CEOs and executives have understood for a long time that a company’s brand is important and goes way beyond just a logo and tagline. But questions about the actual value of the brand have often relegated this vital asset to a fuzzy, feel-good, slightly nebulous item that rarely gets the executive attention it deserves.
It turns out that companies can determine how much a brand is worth. We’ve seen this most recently in the bidding war breaking out for Steinway, which is a brand that transcends time and technology. It has legendary cache, in a way that fabled brands like Kodak or Polaroid did not. We know that strong brands with good reputations have 31% better total return to shareholders than the MSCI World average....
Via Jeff Domansky
I think getting a good brand to your name/company is so important. I think that this is really the only true difference between your coffee shop and the coffee shop around the corner or that soap over this soap. The coffee may be exactly the same and the cafe have the exact same menu, however the brand is what will bring the consumer in and keep them coming back. Just like Starbucks, in my opinion the coffee it self is actually pretty rubbish same goes for the food (also over priced) compered with most cafes in auckland there are hundreds of nice and better options, yet I will still go there over the next door cafe purely because of the brand.

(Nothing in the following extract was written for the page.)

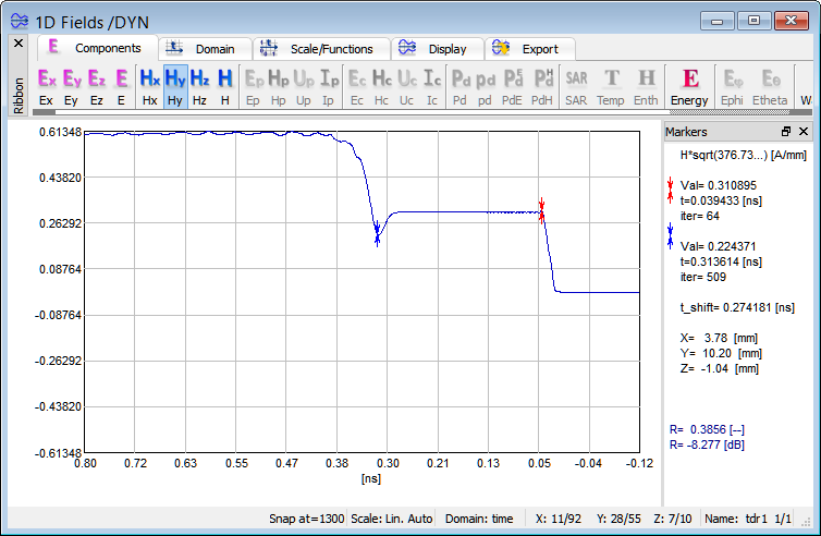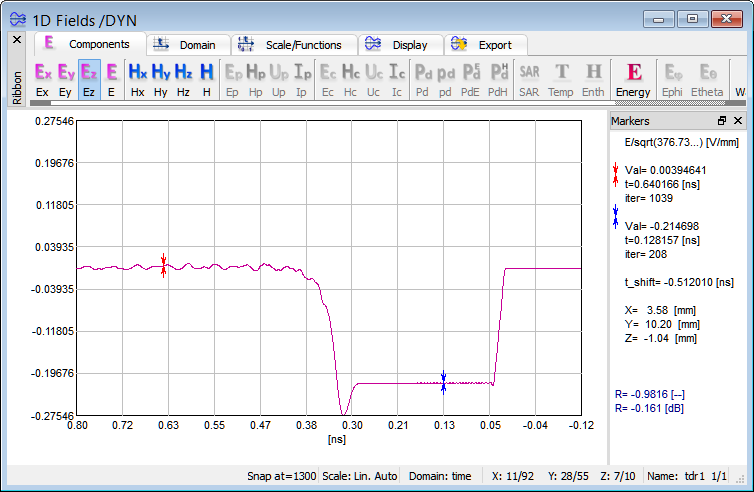 Initially the signal is close to 0. Then when the pulse slope reaches the field testing point, it rises to the incident wave level. The incident wave level is maintained until the wave reflected from the end of the wide line reaches back the field testing point. The narrow line is inductive and thus the reflection coefficient is initially positive (causing that the E-field is amplified). However, since the narrow line is finally short-circuited, the steady state solution must bring reflection coefficient to the value of R=-1 and the field value to 0. The function TDR allows to read the reflection coefficient at any point in time. The reflection coefficient is presented as R=... in linear and dB scale after we place the first (blue) cursor at the point of measurement and the second (red) cursor at the level of the incident wave.

I also think this is where it is going to become a lot harder for companies and products to create this brand when they have to rely solely on digital media to do so. As I beleve the strongest brands are formed thru a tactile encounter with the product by actually going into the shop or business and experiencing it for your self. This becomes much harder when it is only on a screen with a million other distraction as well as sitting anywhere doing so in a very uncontrolled environment.